_Provided data:_
......
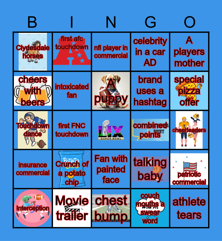 This bingo card has 15 images, a free space and 24 words: Interception, Crunch of a potato chip, A puppy, couch mouths a swear word, A players mother, Clydesdale horses, first afc touchdown, nfl player in commercial, combined points, cheerleaders, Touchdown dance, intoxicated fan, talking baby, patriotic commercial, cheers with beers, Movie trailer, chest bump, celebrity in a car AD, special pizza offer, insurance commercial, first FNC touchdown, Fan with painted face, brand uses a hashtag and athlete tears.
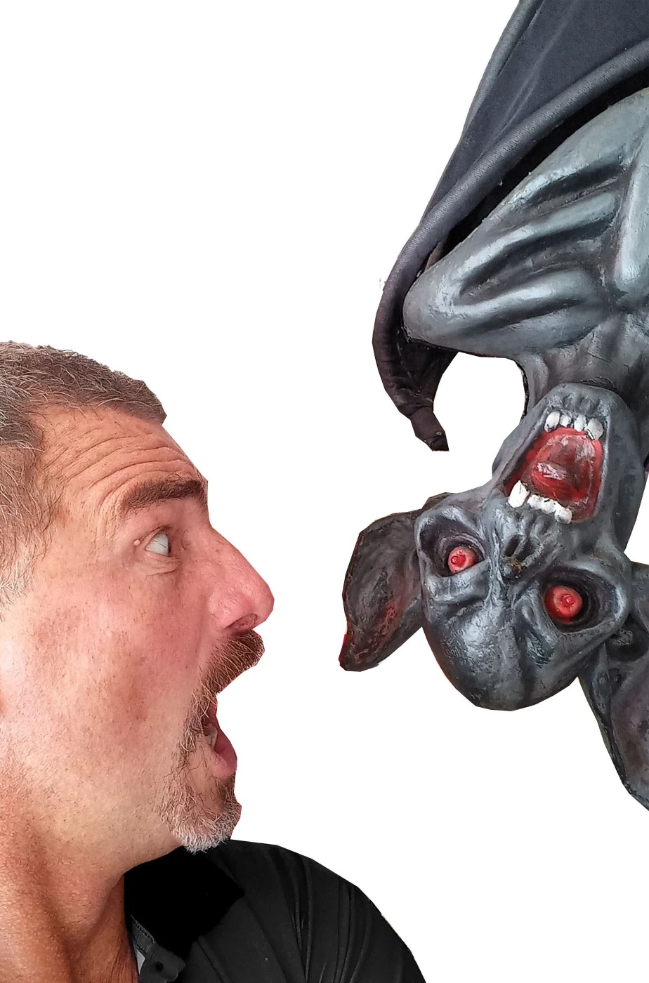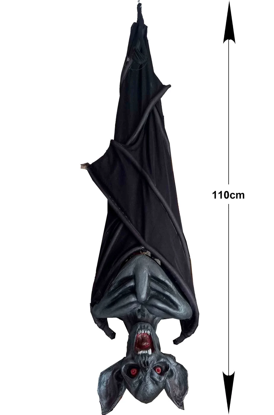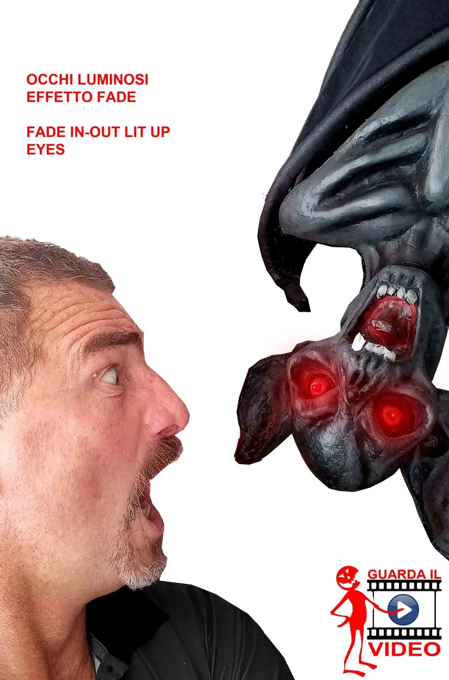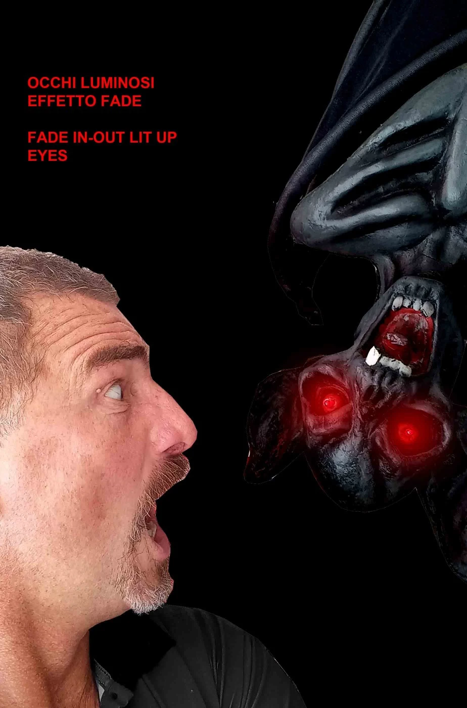 Lunga ben 110cm questa decorazione per Halloween e’ una delle nostre piu’ apprezzate e rappresenta il vampiro nosferatu nella sua trasformazione piu’ spaventosa ovvero nel momento di trasformazione da vampiro a pipistrello mentre riposa nella sua cripta appeso a testa in giu’.
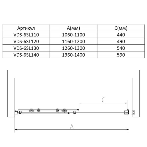 Душевая дверь Vincea Slim 8mm VDS-6SL110CLB, 1100, черный, стекло прозрачное купить
......
_Task requirements:_
Each line of the data is to be duplicated exactly; pictures stay out of the copy.

_Expected answer:_
 This bingo card has 15 images, a free space and 24 words: Interception, Crunch of a potato chip, A puppy, couch mouths a swear word, A players mother, Clydesdale horses, first afc touchdown, nfl player in commercial, combined points, cheerleaders, Touchdown dance, intoxicated fan, talking baby, patriotic commercial, cheers with beers, Movie trailer, chest bump, celebrity in a car AD, special pizza offer, insurance commercial, first FNC touchdown, Fan with painted face, brand uses a hashtag and athlete tears.
 Lunga ben 110cm questa decorazione per Halloween e’ una delle nostre piu’ apprezzate e rappresenta il vampiro nosferatu nella sua trasformazione piu’ spaventosa ovvero nel momento di trasformazione da vampiro a pipistrello mentre riposa nella sua cripta appeso a testa in giu’.
 Душевая дверь Vincea Slim 8mm VDS-6SL110CLB, 1100, черный, стекло прозрачное купить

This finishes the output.